Lignocellulose biodegradation is an extracellular oxidative and hydrolytic process which requires the synthesis of ligninolytic and hydrolytic enzymes. The production and activities of these enzymes are highly regulated by physical and chemical factors including surfactants (Bansal et al., 2014; Iqbal et al., 2011). However, it is not clear how the surfactant effect reflects on the extent of lignocellulose degradation by I. obliquus under SmF and of polysaccharide production by the combination effects of surfactant supplementation and lignocellulose degradation.
The aim of this study was to assess the capacity of Tween 80 to enhance the wheat straw (WS) biodegradation and in turn the exopolysaccharide (EPS) production by I. obliquus under SmF. The WS biodegradation efficiency was investigated by analyzing time-course degradation rate, chemical and surface structural changes using Fourier transform infrared spectroscopy (FTIR) and scanning electron microscopy (SEM) (Xu et al., 2017). The evolution of lignocellulolytic enzyme production was determined to explain the biodegradation efficiency affected with the presence of Tween 80. The yield and antioxidant activity of EPS were comparatively evaluated.
2. Materials and methods
2.1. Liquid fermentation
I. obliquus (CBS314.39) was incubated in the following media at 28 °C and 150 rpm in triplicate (Chen et al., 2010).
Control medium (g/L): corn flour 53, peptone 3, KH2PO4 1, ZnSO4·7H2O 0.01, K2HPO4 0.4, FeSO4·7H2O 0.05, MgSO4·7H2O 0.5, CuSO4·5H2O 0.02, CoCl2, 0.01, and MnSO4·H2O 0.08, pH=6.0. The medium was optimized by response surface methodology for I. obliquus bioactive polysaccharide production under submerged fermentation in our previous work (Chen et al., 2010).

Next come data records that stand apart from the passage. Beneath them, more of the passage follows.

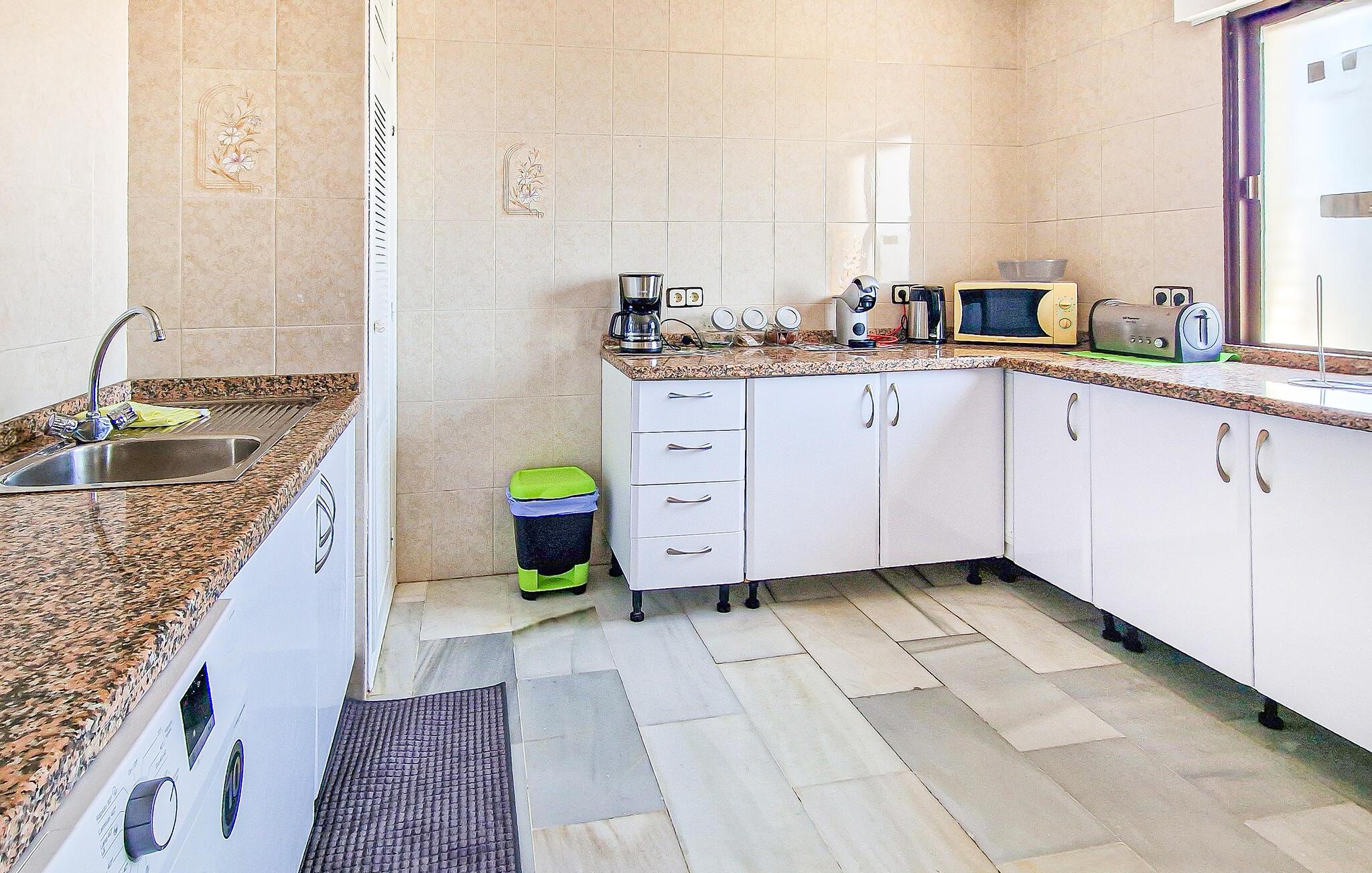 Denne velholdte ferielejlighed lægger op til en afslappende pause i sine lyse og venlige værelser. Tilbered lækre retter i det rummelige køkken og nyd dem ved det store spisebord. Afslut dagen med en hyggelig spilleaften eller sæt jer godt til rette i sofaen med en god bog.
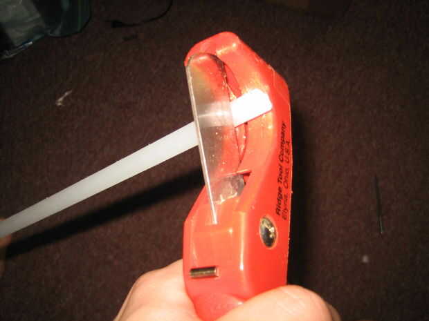 Una vez que has cortado las piezas a la medida. Perfore un agujero en el centro de la broca de plástico con la broca #11. Si se realiza correctamente, el LED debería caber estrechamente en este agujero. No inserte los LEDs hasta después de haber aserrado la ranura. Para sujetar el tubo mientras la perforación te puede sujetar a algo con la barra de la abrazadera o ponerlo suavemente en un tornillo de banco o mesa de trabajo. Si estás usando un tornillo de banco, asegúrese de que la almohadilla para que no Cave en el plástico.
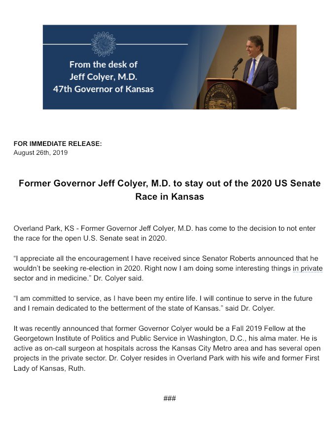 Thank you @DrJeffColyer for your service to our great state. We hope to see you back in the Kansas political arena soon. #ksleg #ksgovhttps://twitter.com/DrJeffColyer/status/1166088378082832385 …
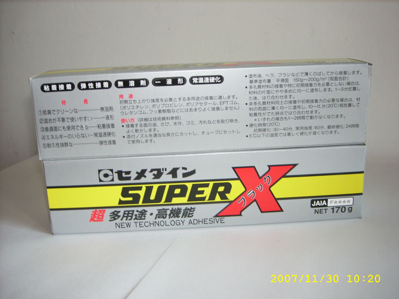 日本施敏打硬CEMEDINE Superx8008硅胶 CEMEDINE(施敏打硬)Superx 8008 AX-084 、 CA-114 、PP5-200 、 CA-285 、 CA-119 、 PP5-3 、CA-243、RE-215 、 AR-128 、 RE-082 、 CA-135、AR-131 、CA-133、 RE-194、RE-187 、 AR-132、 CA-290 、EP001-2 、 CA-175、1500 、RE-001 、 AP-080 、 RE-004 、 CA-186 、 CA-159 、 AX-022 、AX-011 、 NO575-500 、 NO575-1 、 AX-035 、 NO8008-333W 、 NO575-3 、 AX-039 、 AX-096 、NO575-180 、 CA-327 、 AX-038 、 SUPER3000K 、CA-307 、 NO3000RX-50 、CA-155、、CA-156 、 CA-303 、 NO3000RX-20 、CA-154 、CA-305、 CA-306、 CA-294、 CA-292 、 AX-067 、 AX-040 、SX720W 特点: 1.常温速硬化:10~30分钟 2.单组分,无溶剂环保。操作容易,安全。 3.超多用途:适合各种金属,塑料,木材,陶瓷,布类,石材等。 4.优越的耐久性和电器特性:弹性接着剂,强韧,柔软。优越的膨胀,收缩率。高低温耐久性-60℃~+120℃。 5.高性能:耐水,耐油,耐介质。 6.树脂系接着剂接着,填缝,固定使用于电子零件和机构设计上的填缝与接着,可用单组份型的产品操作因单组份易于使用,不需混合.,胶质本身不含腐蚀成份。 1.贮存稳定,使用方便 2.快速固化,强度好 3.耐化学品及溶剂 固化后对于一般溶剂与化学药品具有良好低抗性 4.室温硬化无须加热或添购设备 5.硬化时间短,减少库存累积 6.单液型不需混合 外观:黑色,白色、透明粘度:100P 密度:1.26 硬度:40 断裂强度(N/mm):2.0 施敏打硬SUPER X 8008 品牌: 施敏打硬,CEMEDINE,SUPER X 物性:施敏打硬CEMEDINE工业用接著剂之SUPER X (8008,8008L)颜色有黑色、白色.透明色。 产品优点: SUPER X 8008:一液型速硬化弹性粘合剂、无溶剂、、无毒性、耐热、耐寒性好、用途广泛。合乎环保要求、减省工序、社合应用于污垢、危险及应用技术有困难的地方。 SX720W,SX720B性能等同于8008,它是通过美国UL国际安全认证之材料,因此,它可完全满足需求通过UL的客户及产品的使用。CEMEDINE 1500:二液型、常温硬化环氧树脂粘合剂,无溶剂、耐热、耐候、耐水、耐油、耐溶剂及耐药品性良好。用途广泛,适用于电子、电气产品元件的密封及粘合。日本“超多用途无溶剂型高机能弹性接着剂”是最新一代高分子粘合剂,其具有的粘接范围广,粘接强度高,弹性好,耐冲击,抗震,清洁环保,绝缘性好,极耐老化,使用方便等优点,使之能很好的解决粘接方面的许多难题,从而节省粘接成本,提高工作效率,提高产品品质。 一. 特性:该胶粘剂系单液型高分子聚合物产品,它是利用空气中所含湿汽成份来固化,粘度极高,垂直面几乎不垂流,固化后系弹性,耐老化耐湿热极好,可耐低温--40℃,耐高温120℃。 二. 用途:本胶粘剂粘接范围特广,粘接金属,不锈钢、铝、铜、铁、钢、合金锌等;树脂,尼龙、苯乙烯、丙烯树脂,塑料、ABS树脂;FRP、各种橡胶,天然橡胶、合成橡胶、混合橡胶;EPDM、无机材料,混凝土、灰浆、天然石、瓷砖、玻璃、陶瓷;天然材料,木材、合成纤维皮革、布、厚纸板等均可粘接。 三. 使用方法: ① 先将粘接物作业表面清洁处理,去除锈迹、油污、灰尘、水汽等,使之干爽清洁。 ②在处理过的作业表面均匀涂胶,若两面都涂胶时则涂胶薄厚必须均匀。③将涂过胶的粘接件定位组合后固定5-10分钟,期间不得发生任何移位,使之初步固定。 ④粘接组合后初步固化要1-2小时,完全固化要24小时以上。 ⑤若因产生移位而没能粘接好的组件要再次涂胶粘接。 ⑥为使粘接组件尽快粘好,涂胶定位后请将之放置在通风处。 ⑦本胶粘剂不能用来粘接衣物。 ⑧使用时请不要让未使用之胶粘剂长时间接触空气。 四、保存方法: ①将用剩余部分之筒口清洁干净后放置在干燥阴凉处,如情况允许,则最好将整筒一次用完或在使用前根据所需量选择合适包装,因本胶粘剂开封后不宜久存。 ②请将其放置在远离孩童处,并远离火种存放。 ③用后之空筒请不要燃烧,作为垃圾处理即可。 五、包装方式:333ml、170g、135ml均有供货。 六、末尽之处请联络本公司业务部
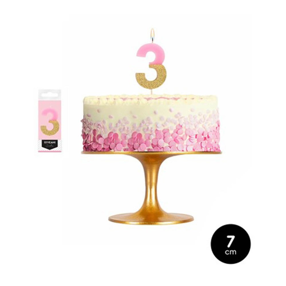Vela de cumpleaños diseño bicolor rosa - glitter dorado en forma de número "3", lleva un práctico pincho de madera en la parte inferior para garantizar una sujeción perfecta a la tarta.
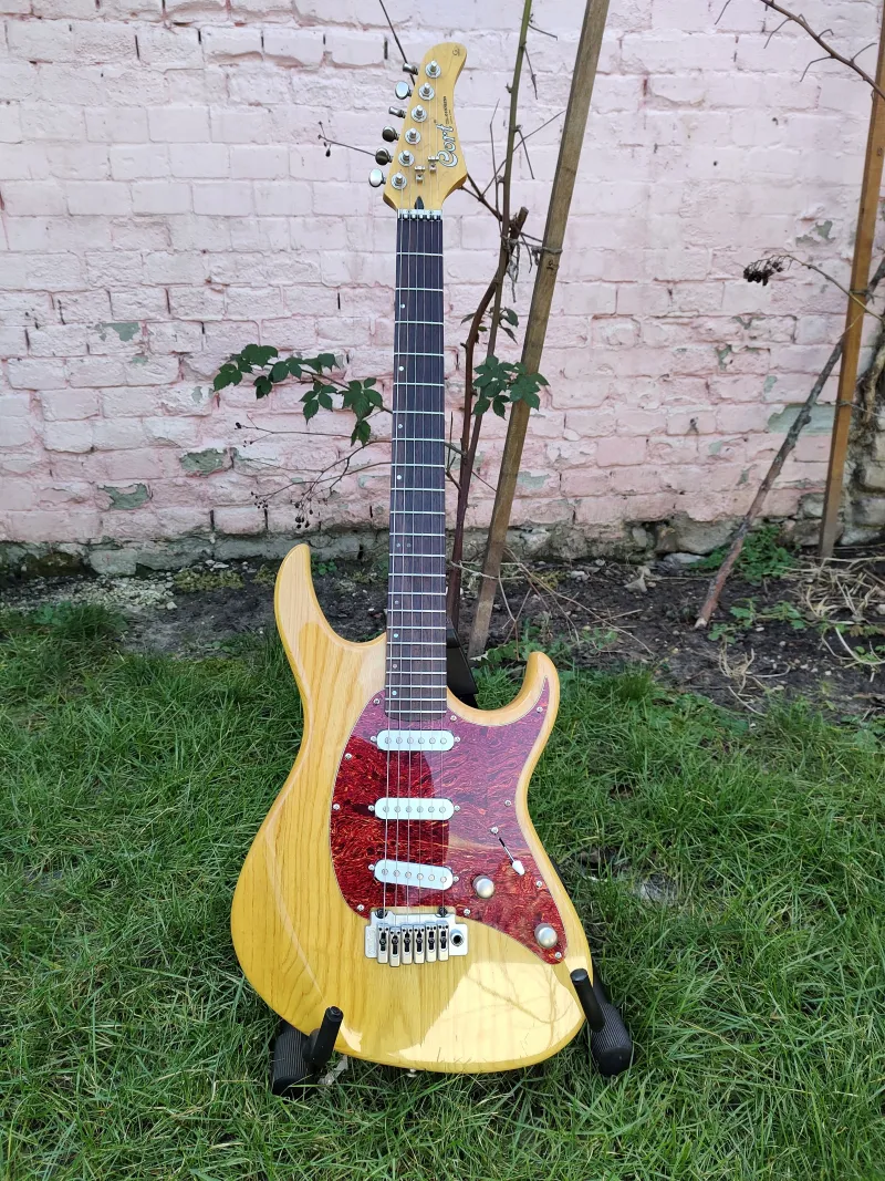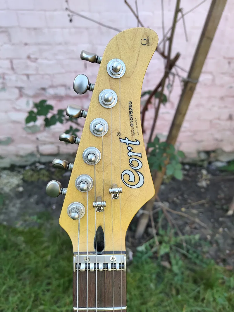 A test mocsári kőrisből készült, a nyak juhar, a fogólap rózsafa. A Wilkinson híd és a görgös felsőnyereg gyári felszereltség. Ezt még Koreában gyártották 2001-ben, amikor a Cort nagyon bizonyítani akart, hogy van olyan jó, mint a japánok.

WS-containing medium (g/L): wheat straw 30, and all the other chemicals were the same as the control medium, pH=6.0 (Xu et al., 2014a).
WS + Tween 80-containing medium (g/L): Tween 80 1, wheat straw 30, and all the other chemicals were the same as the control medium, pH=6.0. Tween 80 and WS were added into the culture medium on Day 0. All the chemicals were of analytical grade.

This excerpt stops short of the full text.